Telecommunications providers use pull boxes to splice fiber optic cables and store additional cable slack. Over time, plastic pull boxes deteriorate and need replacing both to protect components and to allow more room for cable
storage and additional fiber lines to meet ever-increasing demand.

In this replacement project for a telecommunications provider in Ottawa, Canada, existing fiber optic lines and conduit were running through three sides of a pull/splice box. Typically, to replace such a box without a break in service, a large “mouse-hole” must be cut into the new box on any side where it is being placed over existing cable. Adding these large holes usually compromises the integrity of the box and causes it to fail prematurely.

In addition, such projects frequently come with a degree of uncertainty, since it often is not known exactly how deep the replacement box will need to be – creating the need for guesswork.

THE SOLUTION

For this effort, Oldcastle Infrastructure provided one 36″ x 60″ x 54″ STAKKABOX Ultima Connect Chamber unit with composite covers. The unit was delivered flat-packed (unassembled) and then constructed in the field.

Installation was extremely straightforward:

| An excavator was used to dig the hole and remove the existing box.

| The ground was leveled for placement of the new chamber assembly.

| The chamber was built from the ground up, using components and connecting pegs, one layer at a time.

| As the rising walls of the chamber approached conduit or fiber optic lines, the chamber components were easily cut with a saw to allow for building around the obstructions.

| The layers were built to the required final grade.

| The frame was placed and screws were used to secure the composite covers to it.

The total time for installation was approximately four hours (one half-day).

“We foresee substantial time and cost savings when replacing or upgrading pull/splice boxes— quickly and with minimal impact.”
Chris Schultz | Product Manager

BENEFITS

CUSTOMIZED DEPTH

The STAKKABOX Ultima Connect Chamber system gave the provider the flexibility to dig the hole and place the box as deep as necessary without concern for the box’s ultimate height. During the building process, the number of layers could be easily adjusted to bring the box’s final height to grade level- a huge advantage over the typical installation.

NO INTERRUPTION IN SERVICE

Because the STAKKABOX is constructed around the existing infrastructure, it minimizes outages when upgrading/replacing a current pull box.
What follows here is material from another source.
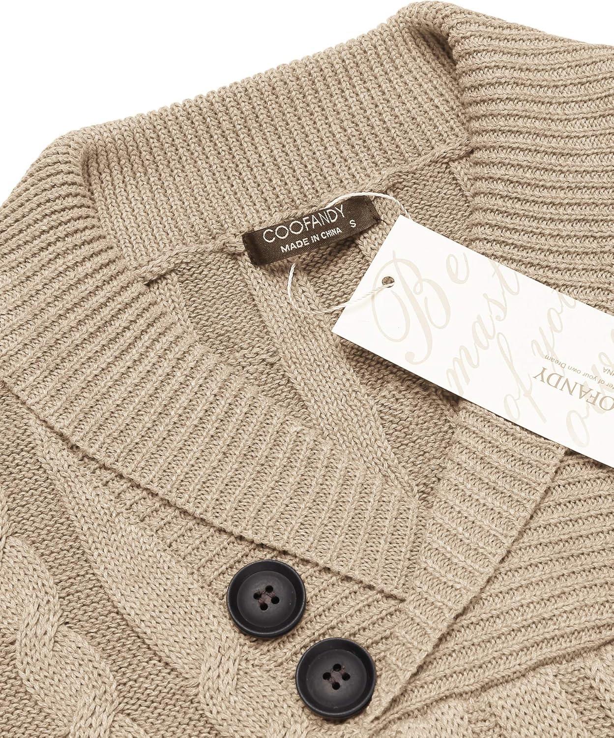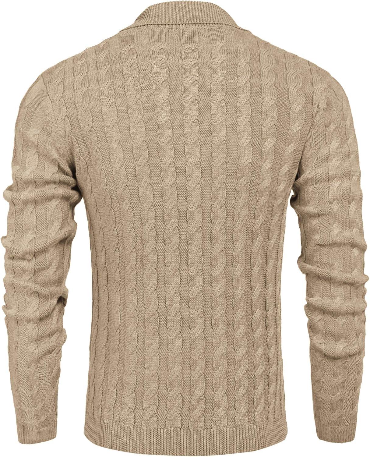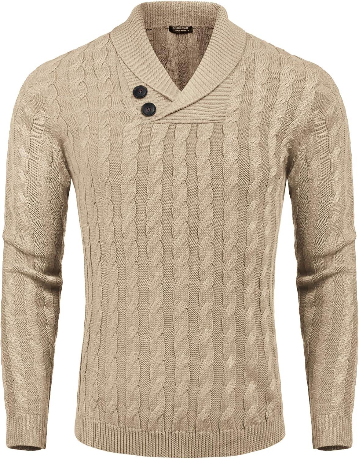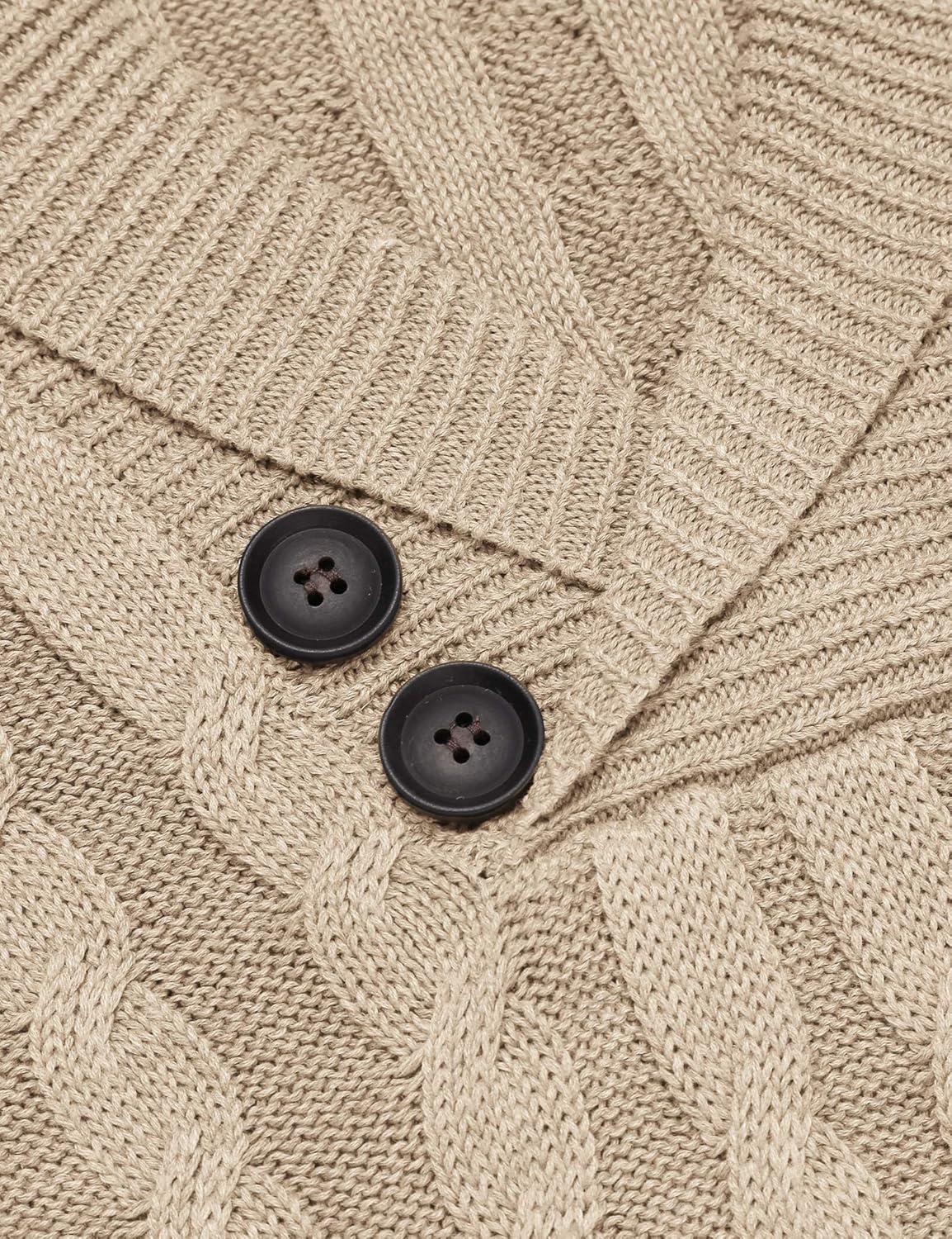 COOFANDY Men's Shawl Collar Pullover Sweater Slim Fit Casual Button Cable Knit Sweaters(Khaki)

Workers simply drill or cut holes in the Ultimate Connect layers where necessary as the box is built. This process allows existing fiber optic cable and conduit to pass through the sides without affecting any lines currently in service.

This feature is especially important in confined urban environments that often have both deteriorating equipment/ infrastructure and high demand due to the population density.

NO IMPACT ON BOX INTEGRITY

The layered system for integrating existing cable does not impact the integrity of the box, unlike the large holes that must be cut in typical replacement boxes. The Stakkabox can be customized to meet the unique site requirements while ensuring a load resistance well above the ANSI/SCTE Tier 22 standard.

SPEEDY & COST-EFFECTIVE INSTALLATION

The STAKKABOX Ultima Connect Chamber provides huge advantages in installation time, ease, and labor effort. In as little as four hours, the chamber can be built and installed in the field with lightweight components following a straightforward assembly process.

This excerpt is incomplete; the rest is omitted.